→ **Exercise description**
With pictures omitted, copy exactly the lines from the one containing "Supervisor Chu walked" through the end of the records below.

Dataset records:
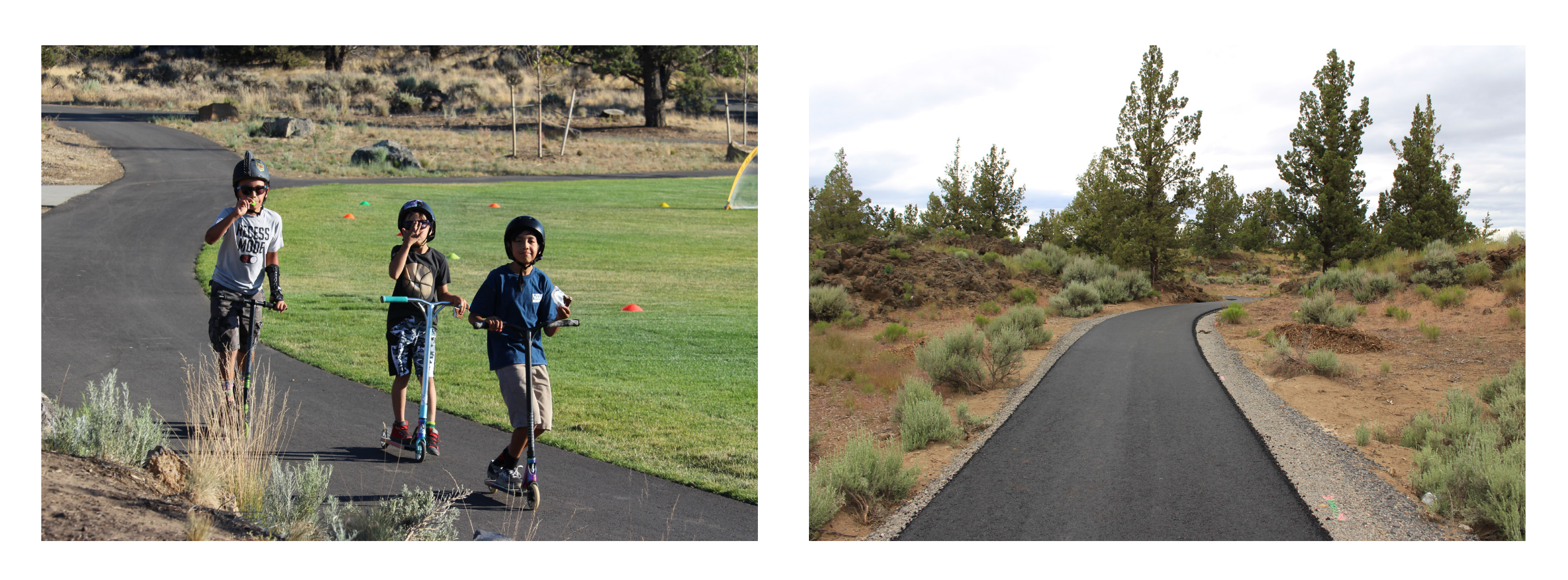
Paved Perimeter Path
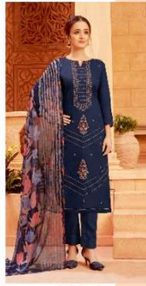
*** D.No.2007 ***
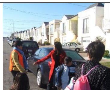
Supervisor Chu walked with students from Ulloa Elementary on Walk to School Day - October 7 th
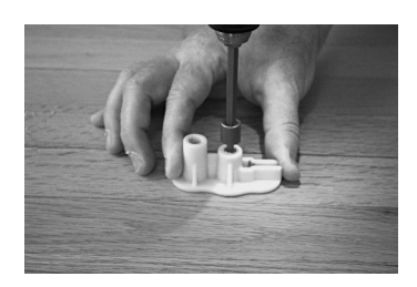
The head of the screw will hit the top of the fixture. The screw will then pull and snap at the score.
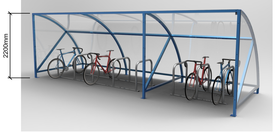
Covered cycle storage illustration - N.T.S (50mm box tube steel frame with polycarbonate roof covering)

→ **Output for this exercise**
Supervisor Chu walked with students from Ulloa Elementary on Walk to School Day - October 7 th
The head of the screw will hit the top of the fixture. The screw will then pull and snap at the score.
Covered cycle storage illustration - N.T.S (50mm box tube steel frame with polycarbonate roof covering)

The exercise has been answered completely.